The earths crust is split into a series of plates. The places where plates meet are called plate boundaries. These plates float on the heavy molten rock of the mantle. Continental drift means that the continents of the world are carried along by the plates beneath them. Plates can collide and seperate.
The Plates: Eurasian Plate African Plate Pacific Plate Nazca Plate Australian Plate
When Plates collide Fold mountains are formed Earthquakes occur
When plates separate Volcanic islands, volcanic mountains and mid ocean ridges are formed.
Folding and fold mountains Fold mountains are created when two plates collide. When the plates compress ( push together) the earths crust begins to arch upwards.
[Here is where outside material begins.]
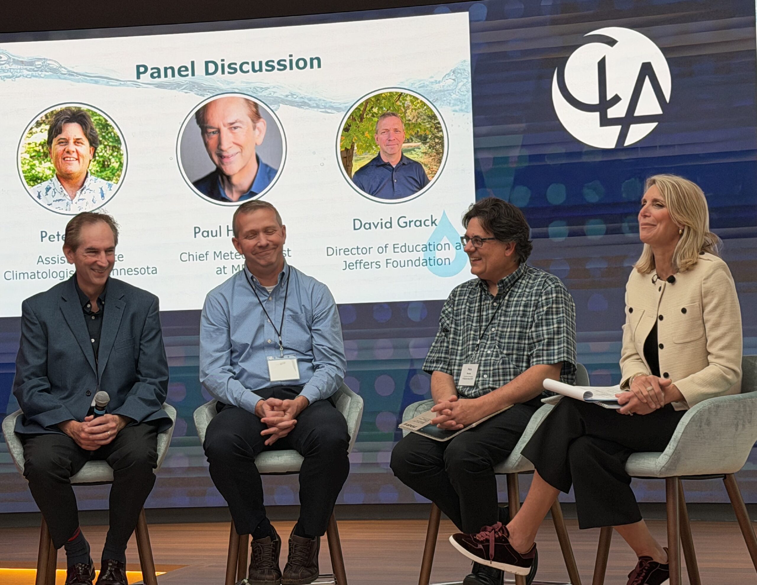 The event kicked off with opening remarks by Freshwater Executive Director Michelle Stockness and seamlessly moved to the program hosted by KARE 11 Chief Meteorologist Belinda Jensen. Belinda hosted a fun and interactive program featuring a video to pay homage to Jim Gilbert, who has been the Weatherguide's phenology consultant since the inception, and a panel discussion featuring MPR Chief Meterologist Paul Huttner, Minnesota DNR Assistant State Climatologist Pete Boulay, and Jeffers Foundation Director of Education David Grack. The event continued with lunch, providing opportunities for networking and an immersive walkthrough of the 50 Years of the Weatherguide display in a separate space at CLA Connect. Overall, it was a wonderful gathering that celebrated the people who have shaped the Weatherguide and those who keep its mission alive through education and exploration.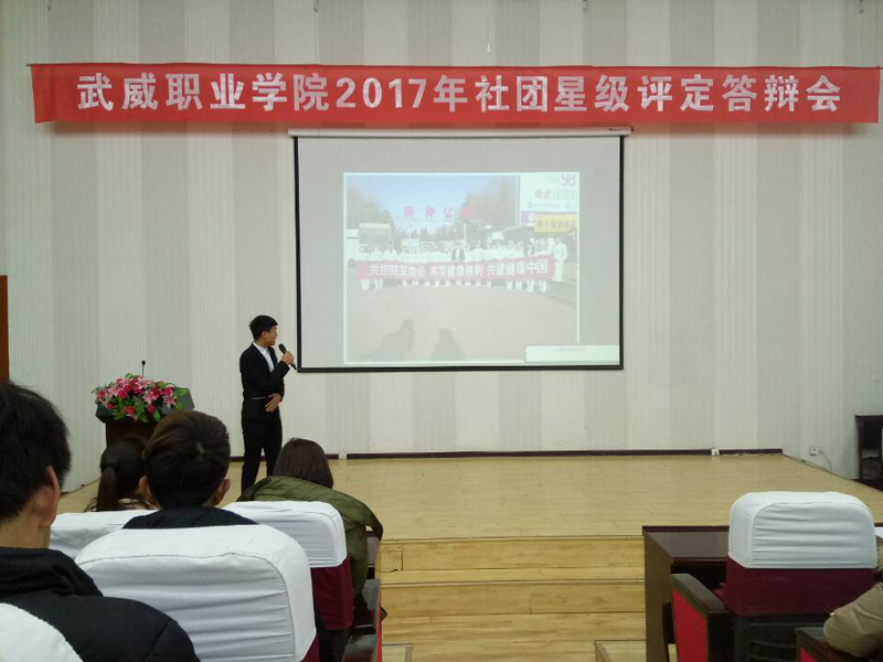 本次星級評定分為初評和終評兩個階段。初評階段,由社團(tuán)聯(lián)合會主席團(tuán)成員和各社團(tuán)負(fù)責(zé)人根據(jù)《武威職業(yè)學(xué)院學(xué)生社團(tuán)星級社團(tuán)評定辦法》,結(jié)合各學(xué)生社團(tuán)上報的活動資料和實(shí)際工作情況進(jìn)行打分評比,根據(jù)評分高低,前10個學(xué)生社團(tuán)入圍星級評定答辯會。答辯會現(xiàn)場,各社團(tuán)通過PPT、視頻等形式展示過去一年里開展的活動和取得的成績,參會人員積極提問互動,形成相互學(xué)習(xí)、相互交流的良好氛圍。

Young fold mountains include the Alps and the Rocky mountains,these were formed about 35million years ago. Irelands fold mountains are very old and tend to be flat. They were formed 250 million years ago.
Earthquakes Earthquakes happen when two plates collide or slip past one another . When the plates compress ( crush together) cracks form in the earths crust. The area of compression is called the focus. The focus sends out shock waves through the crust, reaching the surface. The area of the surface hit by the worst shock wave is called the epicentre.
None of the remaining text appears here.